すると、同じクラスの相澤(あいざわ) 志帆(しほ)が1日休みの後に登校してきた。
「ヤッホー、諸君ら。この相澤、見事に復活して参りました!」
そしてその直後大分が教室へ入って来た。
「・・・相澤、席につけ」
相澤は大分の威圧感に「は、はい~・・・」とだけ答えてゆらゆらと着席した。
大分はクラス全体を見回し、全員いることを確認した。
「・・・出席を取る」
厳かに出席が大分によって取られた。
・・・休み時間・・・
相澤はクラスの中でもとりわけ明るい生徒だった。それ故クラス内でも友達も結構いた。
ある生徒は「どうしたの?昨日休みだったけど・・・」と相澤を気遣っていた。
すると、相澤は
「いや~、なんか貧血で自宅マンションの階段から転落したらしくてね。その時打ち所が悪かったせいで入院していてさ」
相澤に取り巻くクラスの生徒たちは皆「え~!大丈夫なの」と声を上げた。
相澤は両手を挙げて、心配ないと訴えた。
「大丈夫。医者からは脳にも異常がないと診断されたし、落下した時の後遺症なのか筋肉痛でさ。まあ、2,3日ぐらいで取れると言っていたよ」
その一部始終を聞き耳立てていた瑠美たちは3人目を配らせ頷いていた。
皐が気になることを言い出した。
「・・・貧血・・・症状としては怪しむ点だな」
瑠美も同意した。
「うんうん、非常に気になる」
良子がタブレット片手に調べていた。
「相澤さんも~、私のケータイに番号登録あるから~、家のソフトをコレに落としてあるんだけどね~」
2人は良子を見て、昨日のソフトという言葉に注目していた。そして良子が2人に検索結果を伝えた。

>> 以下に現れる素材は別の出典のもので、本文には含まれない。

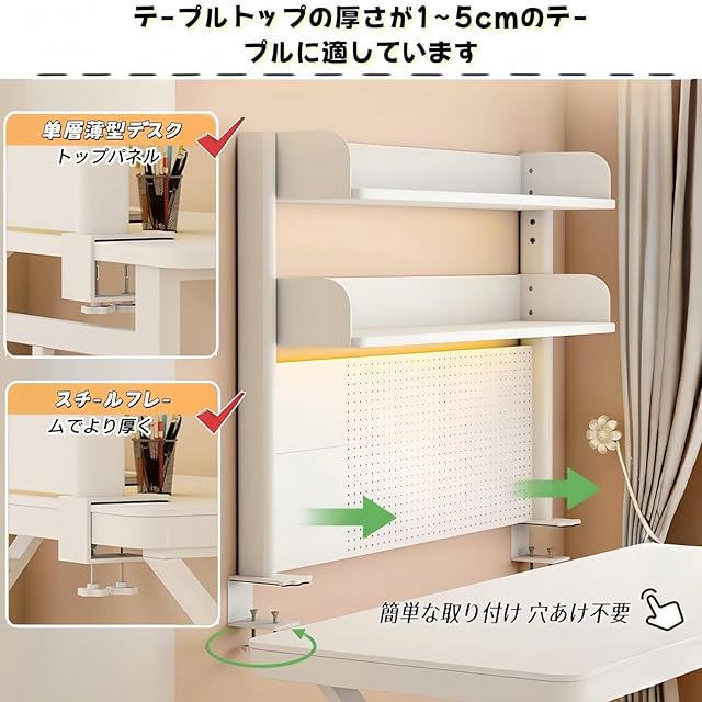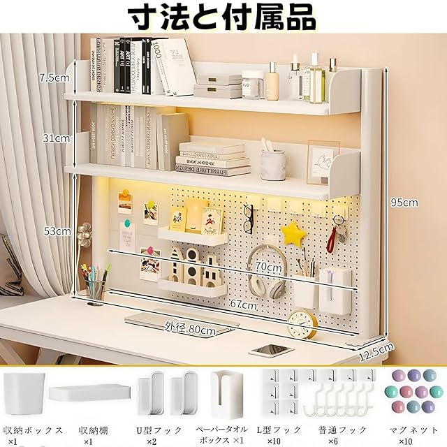 【有孔ボード設計】この机上ラックの大きな特徴は、有孔ボード設計を採用していることです。L字フック、ペンスタンド、ミニコンテナ、マグネットクリップ 、自由に有孔ボードに取り付け出来、何回も変更することができます。

「はい、病院!・・・えー、あの如月さんと同じ千代田区にある四葉記念総合病院だね~」
「当たりだな。もう少し裏付けが欲しいところだ・・・」
「はーい!じゃあ私が聞いてくるよ」
良子と皐は率先して聞き込みしてくると志願した瑠美にその場を任せた。
瑠美は相澤の取り巻きを掻き分けて、相澤へ語り掛けた。
「・・・っちょっとごめんね。ふう、相澤さん。退院おめでと。体は大丈夫なの?」
相澤は瑠美のねぎらいに笑顔で答えた。
「うん、有難う瑠美さん。この通りだよ」
「良かった。ちょっと聞きたいことあるんだ。いいかな?」
相澤は「ええ、何かな?」と答えたので、瑠美はその病院について聞いた。
「相澤さんはどこの病院に入院してたの?」
「どこか?四葉だよ。ほらっ秋葉原の近くの・・・」
「あー、あそこ!あそこ私も良く風邪ひくとお世話になったんだ。私がよく掛かる先生は篠田先生なんだけど、同じだった?」
相澤は笑って否定した。
「私の場合は内科じゃないから。私の場合は確か脳内科だったかな?打ち所上頭を良く見てもらっていたみたいだし・・・」
「えー、脳なんて大丈夫なの?」
「うん、全く問題ないって先生が言ってたよ」
「へえ~、とってもいい先生なんだ。私も頭打ったら紹介してもらおうかな?」
「うん、そうして貰いなよ。折角桜明に入ったんだから、頭だけは大事にしないとね」
「正に!で、その先生ってなんていうひとなのかな?」
「ん~、確か・・・御手洗(みたらい)先生・・・かな。ボッサリ頭で無精髭だったけど・・・看護師さんが言うにはとても偉い先生なんだって、まだ30代後半だと聞いたけどね」
聞き耳立てていた皐と良子は瑠美の成果を心の中で褒めた。
「わかったー。良い情報ありがと相澤さん」
「いいって。良い情報は皆で共有しないとね」
そう言って瑠美は話を切り上げ、取り巻きから外れて2人の下へ帰って来た。
「と、言うことらしい・・・」
ちょっと距離があったが一部始終話を聞くことができた皐と良子は次の情報処理の移動があるため、昼休みに作戦会議をすると決めて、3人とも次の授業の準備をして、電算室へ向かっていった。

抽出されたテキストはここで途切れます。